Microsoft and Yahoo were pushed to the brink of a multibillion-dollar marriage and then to a sudden breakup this weekend by the same player.
It was Google, in the odd dual role of both unwitting matchmaker and self-interested spoiler.
Google’s phenomenal rise, after all, prodded Microsoft, the dominant technology company for more than two decades, to court Yahoo. And Google’s success also weakened Yahoo enough to give Microsoft the sense that it could buy the company at a good price.
A combined Microsoft-Yahoo would create a powerful competitor, and Google early on indicated that it would fight the merger on antitrust grounds in Washington and Brussels.
But Google played a part in killing the deal, for now at least, by acting more as friend than foe. It offered to let Yahoo use its more sophisticated search advertising technology, which by some estimates would have meant $1 billion in additional cash flow a year for Yahoo. The partnership would also bring Google more revenue.

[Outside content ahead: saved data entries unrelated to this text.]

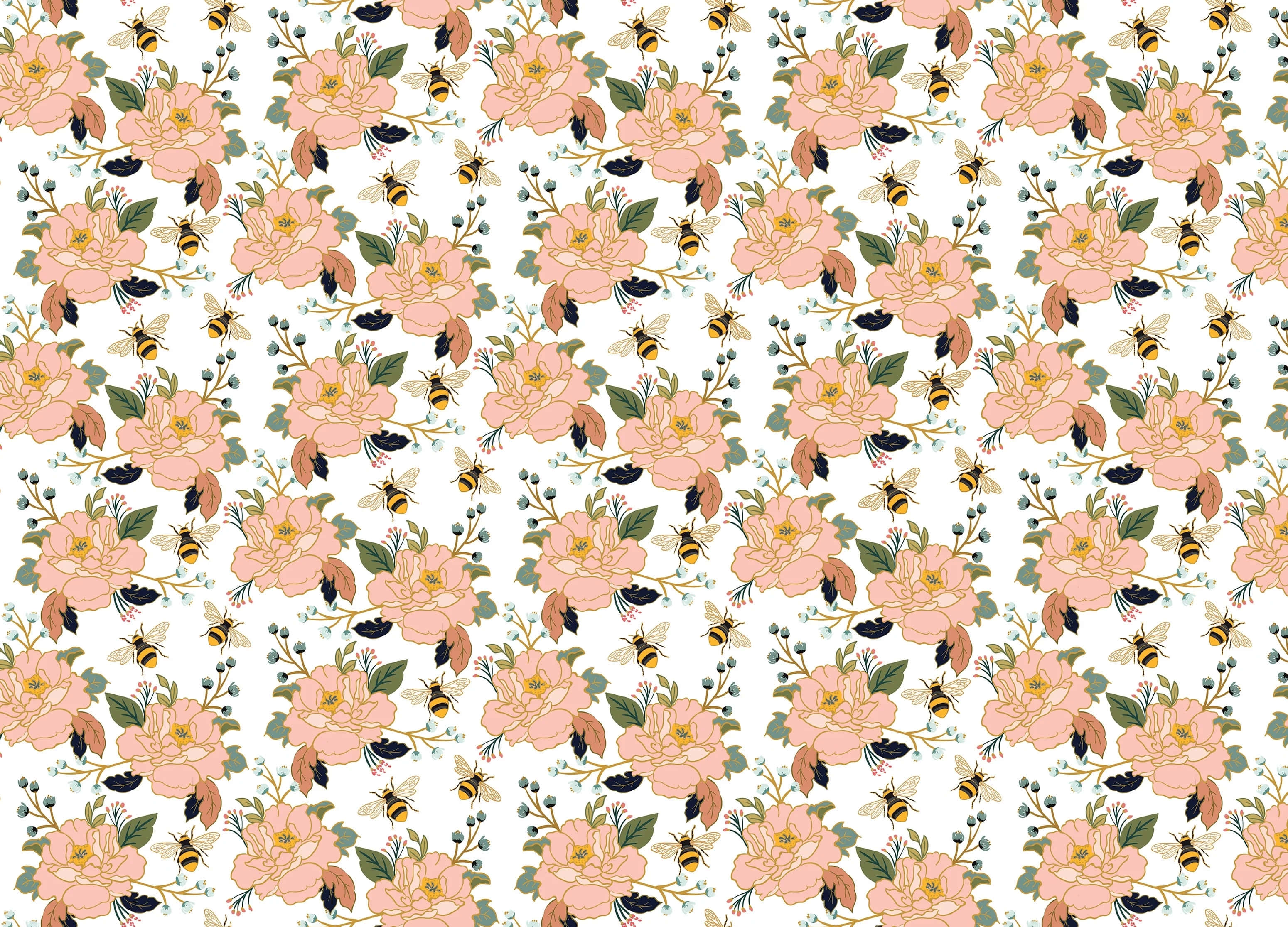 Vintage Floral Bee Pattern -
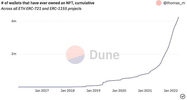 上圖:持有 NFT 的累計錢包數量增長情況,來源:Dune Analytics
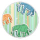 Det härliga seamless mönster av färgrika tecknadelefanter med skuggar att gå omkring över randar, i att lugna pastell, skuggar av orangegrönt- och blåttperfekten för ungerum som tapeten eller textilen. © och ® Bigstock® - all reserverad rättigheter.
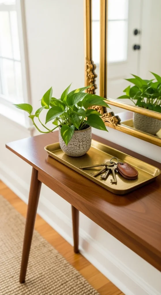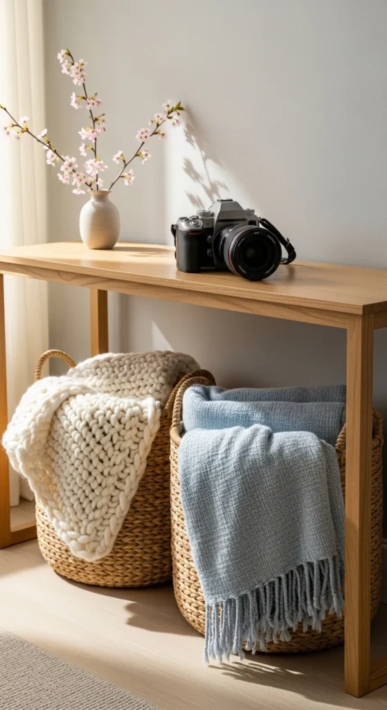 Avoid overcrowding the surface. Negative space helps the room feel calm. If your table has shelves, use baskets to hide clutter.

The prospect of such a partnership emboldened Yahoo’s board to demand more money for the company and eventually caused Microsoft to rethink its strategy.
Steven A. Ballmer, Microsoft’s chief executive, cited the proposed Google partnership as the main reason for not pursuing a hostile bid and instead walking away on Saturday.
“Such an arrangement with the dominant search provider would make an acquisition of Yahoo undesirable to us,” he wrote Jerry Yang, Yahoo’s chief executive, in a letter, and cited five specific reasons Google would be bad for Yahoo.
Yahoo may well pursue the partnerships with Google, its main rival, to bolster its depressed stock price. Yahoo shares dropped 15 percent, or $4.30 Monday, to $24.37. The two companies refused to comment.
Not surprisingly, analysts are saying the Microsoft-Yahoo story has one clear winner: Google. And its stock price reflected that thinking Monday. More than $4 billion was added to Google’s value as the stock price rose 2.34 percent.
Not yet 10 years old, Google has emerged as a powerhouse that is wielding tremendous power in the world of technology and beyond. It was able to influence a government auction of broadcast spectrum. It nudged several cellphone companies into opening up their networks to the phones of rivals.
Its influence is all the more surprising, because its economic power is still derived largely from a single, seemingly prosaic business: the ability to place interesting text advertisements in front of people when they do searches. Advertisers pay for those ads — sometimes $1 or less — only when users click on them. In a sense, Google has built a highly profitable $16.6 billion empire a dollar at a time.
“They are the company that is going to have more influence and more control over the structure of the world information industry than any other,” said David B. Yoffie, a professor at the Harvard Business School. “The right way to think about Google is they are the next Microsoft.”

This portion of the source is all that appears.